◆ What the exercise asks ◆
Beneath this task are records; print exactly the stretch of them from the line with "বাংলাদেশের সাবেক তিনবারের" through the line with "数据显示,该试验达到了主要终", both ends included.

◆ Data ◆
▬▬▬

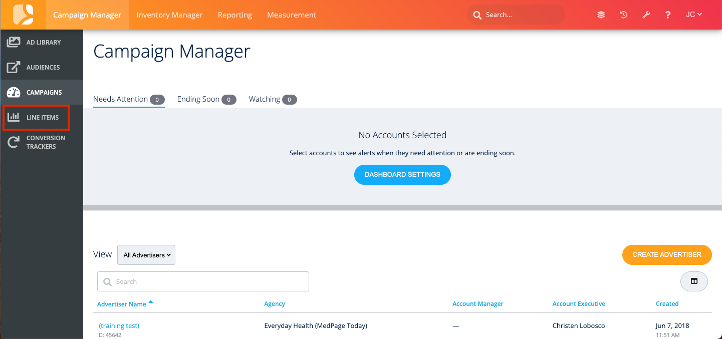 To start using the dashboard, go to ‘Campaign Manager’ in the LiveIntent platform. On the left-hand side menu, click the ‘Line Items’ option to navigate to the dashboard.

▬▬▬

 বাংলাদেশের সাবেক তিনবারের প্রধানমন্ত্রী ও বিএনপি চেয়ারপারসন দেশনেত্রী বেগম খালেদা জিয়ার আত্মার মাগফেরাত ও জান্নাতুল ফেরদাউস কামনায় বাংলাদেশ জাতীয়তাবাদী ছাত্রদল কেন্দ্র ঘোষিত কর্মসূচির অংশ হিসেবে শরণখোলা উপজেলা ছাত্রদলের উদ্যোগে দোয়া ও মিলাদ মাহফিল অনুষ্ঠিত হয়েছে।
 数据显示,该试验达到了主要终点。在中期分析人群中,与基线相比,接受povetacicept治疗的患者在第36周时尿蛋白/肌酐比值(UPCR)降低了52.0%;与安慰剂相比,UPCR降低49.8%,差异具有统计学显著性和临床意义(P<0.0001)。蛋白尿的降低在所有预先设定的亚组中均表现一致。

▬▬▬

◆ Solution to this task ◆
 বাংলাদেশের সাবেক তিনবারের প্রধানমন্ত্রী ও বিএনপি চেয়ারপারসন দেশনেত্রী বেগম খালেদা জিয়ার আত্মার মাগফেরাত ও জান্নাতুল ফেরদাউস কামনায় বাংলাদেশ জাতীয়তাবাদী ছাত্রদল কেন্দ্র ঘোষিত কর্মসূচির অংশ হিসেবে শরণখোলা উপজেলা ছাত্রদলের উদ্যোগে দোয়া ও মিলাদ মাহফিল অনুষ্ঠিত হয়েছে।
 数据显示,该试验达到了主要终点。在中期分析人群中,与基线相比,接受povetacicept治疗的患者在第36周时尿蛋白/肌酐比值(UPCR)降低了52.0%;与安慰剂相比,UPCR降低49.8%,差异具有统计学显著性和临床意义(P<0.0001)。蛋白尿的降低在所有预先设定的亚组中均表现一致。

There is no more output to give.